Reproduce, word for word, all of the records; the pictures stay out.

(Data)

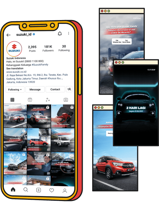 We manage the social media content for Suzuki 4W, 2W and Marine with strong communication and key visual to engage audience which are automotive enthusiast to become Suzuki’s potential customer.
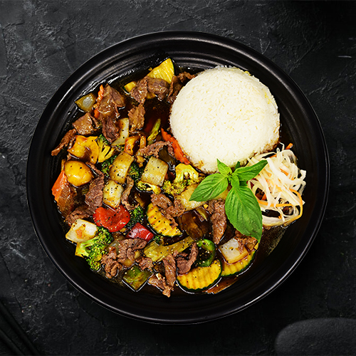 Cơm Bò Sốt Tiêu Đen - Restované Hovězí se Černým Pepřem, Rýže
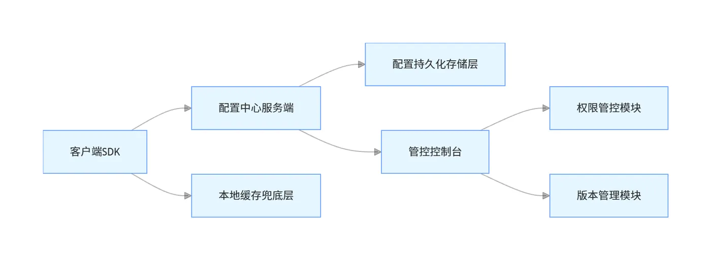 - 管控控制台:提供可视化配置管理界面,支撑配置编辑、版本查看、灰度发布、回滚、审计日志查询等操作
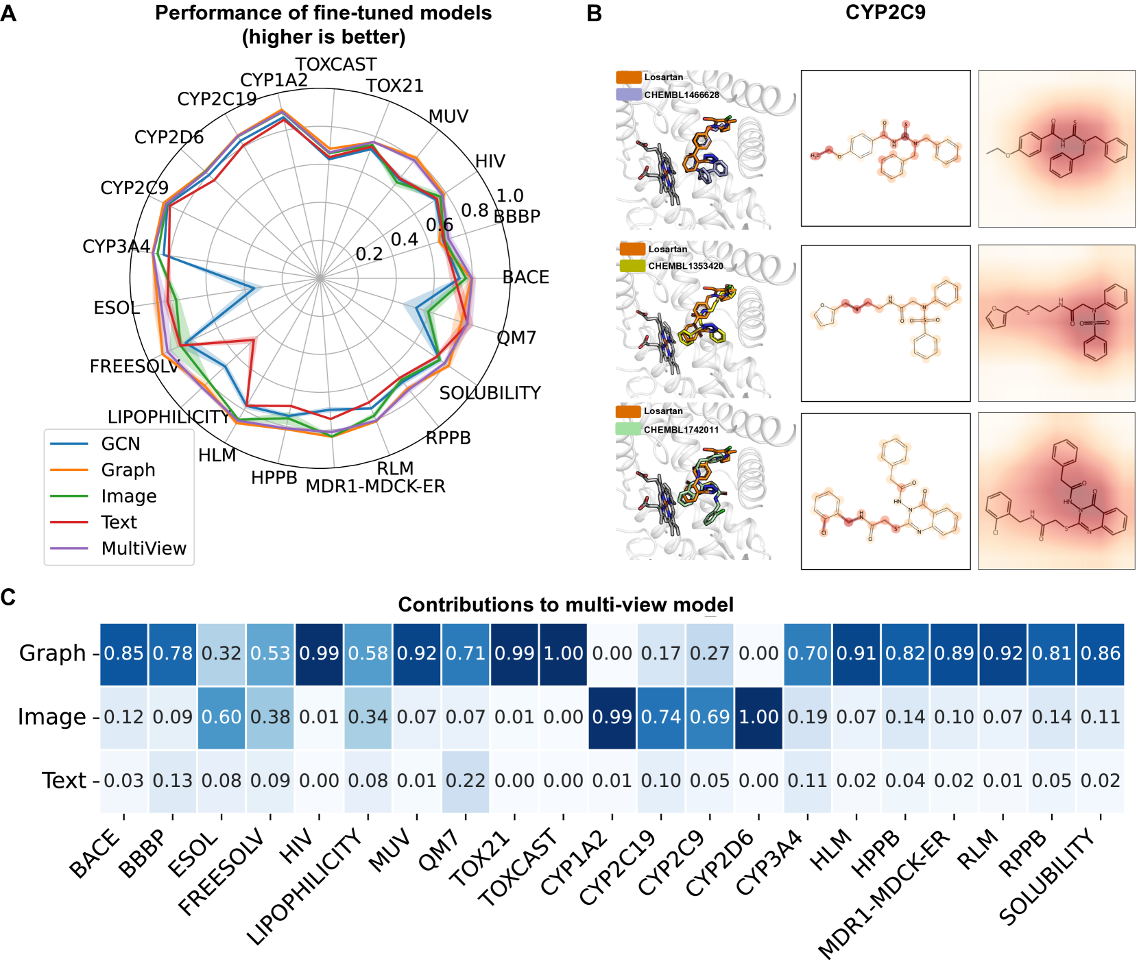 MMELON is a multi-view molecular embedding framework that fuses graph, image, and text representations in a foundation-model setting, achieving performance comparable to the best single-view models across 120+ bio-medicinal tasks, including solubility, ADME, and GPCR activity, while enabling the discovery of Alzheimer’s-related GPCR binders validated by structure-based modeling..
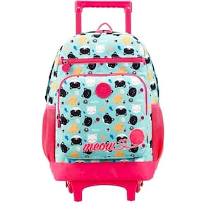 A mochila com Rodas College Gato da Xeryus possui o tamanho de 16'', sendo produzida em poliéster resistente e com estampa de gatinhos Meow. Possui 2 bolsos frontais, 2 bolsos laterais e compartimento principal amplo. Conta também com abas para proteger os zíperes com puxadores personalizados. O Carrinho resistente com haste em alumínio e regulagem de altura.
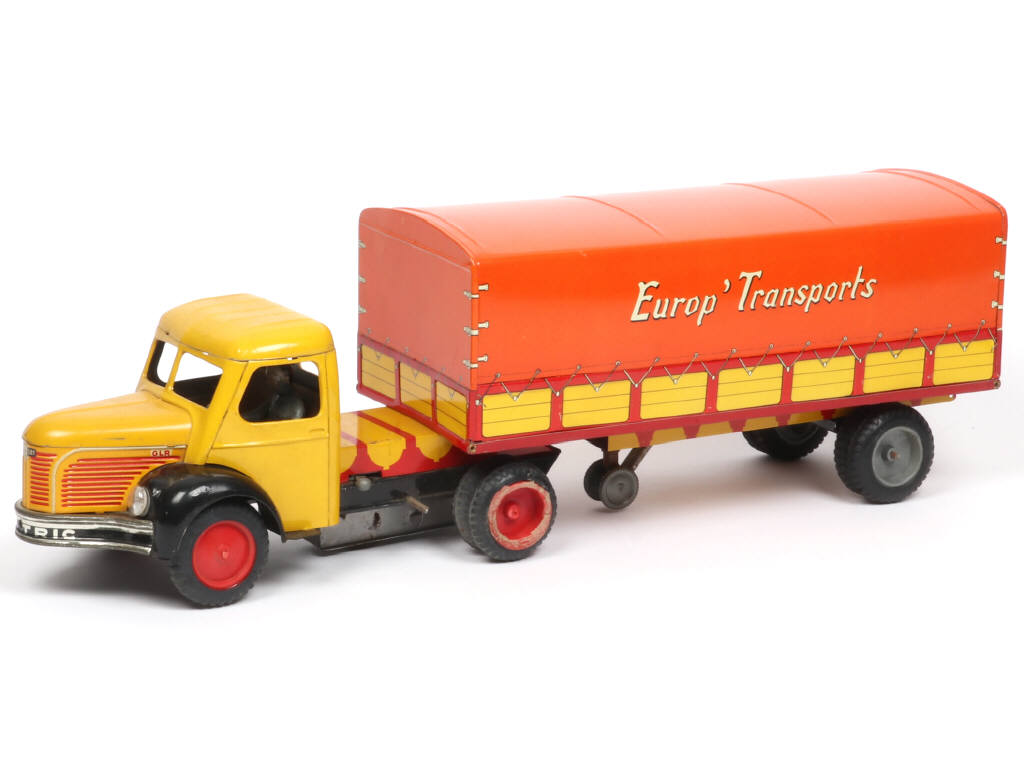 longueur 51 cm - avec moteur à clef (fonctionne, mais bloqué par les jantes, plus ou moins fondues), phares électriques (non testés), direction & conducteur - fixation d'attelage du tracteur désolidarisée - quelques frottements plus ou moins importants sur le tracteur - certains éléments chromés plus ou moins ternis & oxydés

(End Data)

» **Output below**:
 We manage the social media content for Suzuki 4W, 2W and Marine with strong communication and key visual to engage audience which are automotive enthusiast to become Suzuki’s potential customer.
 Cơm Bò Sốt Tiêu Đen - Restované Hovězí se Černým Pepřem, Rýže
 - 管控控制台:提供可视化配置管理界面,支撑配置编辑、版本查看、灰度发布、回滚、审计日志查询等操作
 MMELON is a multi-view molecular embedding framework that fuses graph, image, and text representations in a foundation-model setting, achieving performance comparable to the best single-view models across 120+ bio-medicinal tasks, including solubility, ADME, and GPCR activity, while enabling the discovery of Alzheimer’s-related GPCR binders validated by structure-based modeling..
 A mochila com Rodas College Gato da Xeryus possui o tamanho de 16'', sendo produzida em poliéster resistente e com estampa de gatinhos Meow. Possui 2 bolsos frontais, 2 bolsos laterais e compartimento principal amplo. Conta também com abas para proteger os zíperes com puxadores personalizados. O Carrinho resistente com haste em alumínio e regulagem de altura.
 longueur 51 cm - avec moteur à clef (fonctionne, mais bloqué par les jantes, plus ou moins fondues), phares électriques (non testés), direction & conducteur - fixation d'attelage du tracteur désolidarisée - quelques frottements plus ou moins importants sur le tracteur - certains éléments chromés plus ou moins ternis & oxydés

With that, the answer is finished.